ELA Lá, nas nossas intensidades, focos de luz deformando nossos rostos, a maca em posição inverossímil, a eletricidade e seu protagonismo, as pancadas secas, algodões e o cheiro de sangue coagulado, desafio aos limites de hoje e um pouco mais, a música que parecia nascer dos nossos próprios corpos. Agonias, os suores frios, a morte espreitando, tudo isso reunido entre nós, objetos com força própria, movimentos diferentes e ali nossos corpos, fazendo parte de tudo isso. Nos enganamos quando pensamos que nós é que gerávamos as paixões e a energia, porque quando todo o dispositivo desaparece nos encontramos só com nossa nudez, você e eu, descobrimos com horror que as paixões tão nossas faziam parte da cenografia do acontecimento. Por isso hoje só você e eu enfrentamos o vazio da perda do sentido, e isso é insuportável. Na minha memória só ficou disso tudo a lembrança dos movimentos.
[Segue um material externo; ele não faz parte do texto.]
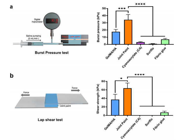 为了定量检测“关节油漆”和组织之间的粘接强度,该团队按照美国材料与试验协会的生物医学粘接剂标准,进行了搭接剪切强度和爆裂压力试验。

A noção de que está tudo no texto é assustadoramente real. Às vezes, fazendo o caminho de volta ao que foi escrito, tudo parece ter ficado ali, persistindo, fortalecendo as raízes e se reproduzindo. É uma sensação irrevogável. Quanto mais se entende por fora, mais por dentro o texto vai te abrindo outros espaços e nunca será o bastante, porque o espaço literário poeta sozinho. Basta olhar para as linhas para a rima para o fundo do papel, que a resposta é sempre ela mesma um novo e outro princípio. A noção de começo. A noção do possível.
Ele e Ela ali objetos com força própria. Objetos que se fecham em seu contato, que não esperam nada que possa vir de fora. Uma ignorância inata, uma exclusividade pretensiosa e fatal. Somos o mundo ou o mundo nos é? A resposta vem pelo abandono. Quando percebemos o mundo é porque ele nos afagou. Percebemos o mundo inteiro quando ele vem em ondas e faz persistir a nossa dor. A nossa dimensão de universo veio pela falta. Hoje eu sei que existe o mundo porque em mim cessou a fala, porque em mim não há explicação, porque em mim queimaram-se os fósforos e resto eu assim, em pausada putrefação. Pausada porque ainda resta tempo para olhar: como estou indo no decorrer das horas.
É dessa força, desse contexto, dessa conjuntura, dessa obra. Estou falando desse monumento, dessa estruturação, desse céu, desse firmamento. Dessa maquinaria, desse DEUS EX MACHINA, somos hoje fruto, somos partida, não resultado. É difícil se ver como caminho, como percurso, não como objetivo concretizado. Operamos o ser deus com as nossas mãos, com os nossos corpos, e é brincando de ser além que nos esquecemos do que somos fomos.
A cenografia do acontecimento é tão artificial quanto sincera. Ela é um exterior marcado pelo maquinal, mas é também uma maquinal presença, uma maquinal e sincera existência, fruto de nossa criada invenção. A cenografia do acontecimento está de fora porque persiste em nós o desejo pelo umbigo. Persiste em nós uma persistência histórica, um egoísmo inculto, uma satisfação incrivelmente horrorosa dos seres que se bastam. Que se bastam e se comem e se olham - no meio dessa fome - partidos já, já dilacerados. Seres que no meio do banquete se reconhecem falidos, enganados. O que não se percebe porém, é que o engano foi nossa criação.
De fora veremos o que há dentro. Como se o exterior iluminasse a imensidão íntima. Como se a luz nas quintas nos cantos da sala iluminasse as ruínas, as rugas, as persistências, iluminasse a luz a luz das retinas. A cegueira constante. Iluminasse a rotina e a mostrasse tão trivial. Tão sem estofo, tão essencial posto seja banal.
Invertemos o jogo. O que há fora, o maquinal exposto, é tão mais sincero do que esse interior por si apaixonado. Pois quando todo o dispositivo desaparece (quando toda a cena é devolvida ao mundo, quando deixa de ser cena, quando revelam-se as paredes, as luzes, a maquinaria, a encenação, o público) é que vemos o sentido daquela arte, daqueles corpos, no mundo presente. Descobrimos que nossas paixões são antes de todo o mundo. Descobrimos que a nossa parcela genuína só assim é, porque se permite devolver ao mundo.
O vazio. Da perda. Do sentido. O que fica, inevitavelmente, é a lembrança dos movimentos. A lembrança dos movimentos que como movidos por força divina, bestial, celestial, não precisam de peso nem de pernas nem de significado. Movem-se os deuses sem se explicar.